La enfermedad progresó en cuestión de meses, el matrimonio vivía el día a día. «A veces no me conocía, no sabía quién era o perdía la movilidad. Todos los días era una incertidumbre de ver que era lo que le tocaba», reconoce, y añade: «Sabes que va a llegar un día en el que no va a estar, pero intentas no pensarlo». 

Como todos, trata de evitar lo negativo. Ahora se centra en su hijo, que también tiene un 50 % de probabilidades de heredarlo. No sabe cuándo, ni cómo. «Me he hecho a la idea de no pensar en ello. Y si pienso que la tiene, prefiero centrarme en que puede ser portador pero no desarrollarla, que de eso también hay casos», dice en referencia al abuelo de su marido, quién teniendo el gen falleció por otra causa. La única forma de saberlo es someterse a un test genético, algo que no todavía no puede hacer por no ser mayor de edad. 

Comparte con Alberto la idea de sentirse abandonados. No solo por los fondos destinados a investigarla, sino por el desconocimiento que se encontró, incluso, en el terreno médico. «Iba de doctor a doctor, de hospital a hospital, y siempre tenía que explicar lo que ocurría y lo que le venía mejor. Cuando nos derivaban a un centro nuevo, nos decían que si tenía cáncer porque los síntomas también eran compatibles con un tumor cerebral», señala Juana, quién insistía una y otra vez en que este no era su caso. Le costaba dar vueltas y vueltas sobre el mismo dolor. 

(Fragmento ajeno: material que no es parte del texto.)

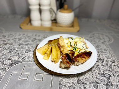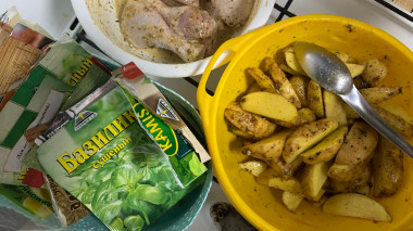 Ой, как же все успеть, особенно когда у тебя ремонт и как же не хочется есть полуфабрикаты 🤮. Вот тогда и приходит на помощь духовка. Замариновала курочку, мужчинам бедра, себе крылья, и побежала мужу помогать, прибежала, почистила картошку, духовку уже сын включил, поставила все запекаться и на 40 минут опять в подмастерье. Тут и ужин готов, ароматное, сочное, вкусное блюда, мужчины мои пальчики облизывают и маму нахваливают, а я про себя говорю: «Вот спасибо, Мария, за такой отличный рецепт» 🌺

De igual forma, también lamenta la falta de comprensión en el terreno burocrático. «Estos pacientes duran meses. Pedí la ayuda a domicilio y tardaron tanto, que llegó 20 días antes de que mi marido falleciera», recuerda. Le sirvió de poco o «casi nada». También se encontró con problemas a la hora de solicitar la baja laboral: «Como los médicos no conocían la enfermedad, me decían que necesitaban un diagnóstico por escrito. Pero claro, a mi no me lo dieron hasta dos o tres meses después de pasar por neurología. Cuando fui a pedir su baja laboral, incluso me llegaron a decir que estaba apto para trabajar», detalla. Solo un médico de cabecera del pueblo, que había tratado a toda la familia, era consciente del insomnio familiar fatal y cómo este se manifestaba. Una patología que afecta a una persona de cada 33 millones.